Attentive or adjacent to the rachis, they are rare, isolated or associated with a medullary angioma: posterior and paraepinous, lateral parietal (intercostal space for example), costovertinal angle and hole of conjugation with or without epidural extension. They are often giant and very high flow, being able to be responsible in the young adult of a progressive medullary deficit by hemodétournement, by epidural or medullary venous hyperpressure, by spinal cord compression; elsewhere, they can induce heart failure or paravertebral subcutaneous mass. The scanner and the MRI specify the extension and the repercussion on the neighborhood tissues. Interventional radiology, an almost exclusive treatment, has transformed the prognosis of these malformations by attempting to eradicate them permanently.

COMPLEX FORMS:

Metameric:

They associate a spinal arteriovenous malformation, and especially intramedullary, to a cutaneous angiomatosis (plane angioma). Cobb syndrome is an example of this angiomatosis that associates a metameric angioma and a medullary angioma. The spinal localization MAV can be an intramedullary or perimedullary, dural, or AVM of the vertebral body. A superficial capillary malformation (plane angioma) is the skin marker in 20% of cases. The cervical and lumbosacral metameric space may extend to corresponding members, in a unilateral manner. The embolization treatment should be on the symptomatic segment. Medullary evolution is sometimes related to that of extravertebral angiomatosis: spinal haemorrhages have been observed during the progressive onset of arteriovenous malformation of an apparently isolated limb.

Disseminated:

Rendu-Osler-Weber syndrome corresponds to an autosomal dominant disseminated telangiectatic capillary malformation. The nasal and digestive mucosa are the site of telangiectasia that cause epistaxis and gastric bleeding.They can be associated with arteriovenous malformations of various locations frequently pulmonary but also intracranial or intraspinal.

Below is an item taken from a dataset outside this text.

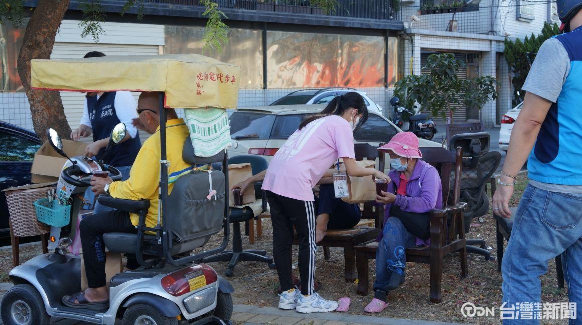 學生在成功里的里長鄭晴而和市議員吳禹寰服務處的帶領之下,來到社區當中,一一發送這些餐點,里長和服務處也是希望透過這些多元的服務,讓長輩可以更加安心來生活。

Modern imaging, advances in medullary arteriography, and the grouping of cases in specialized teams have led to a better understanding of the angioarchitecture, the exact location, the mechanism of medullary suffering, advancing the treatment of malformations. vascular, vertebromedullary

Vascular malformations, vertebromedullary are one of the many areas where interventional radiology has gradually become the treatment to consider in first intention. The importance of early diagnosis must be emphasized. If the indication of an arteriogram that will make the diagnosis of vascular malformation during an acute spinal cord neurology is obvious, it is quite different in case of progressive dorsolumbar myelopathy.

Many of them remain unknown and therefore without treatment. We will end by giving an essential rule of conduct: any myelopathy, whatever the type and location, any unexplained and disabling radiculopathy, especially if it is mobile, must have an angiographic assessment, including cervicocephalic. Angiography today is at almost zero risk, and the greatest risk for the patient would be to miss a treatable vascular malformation.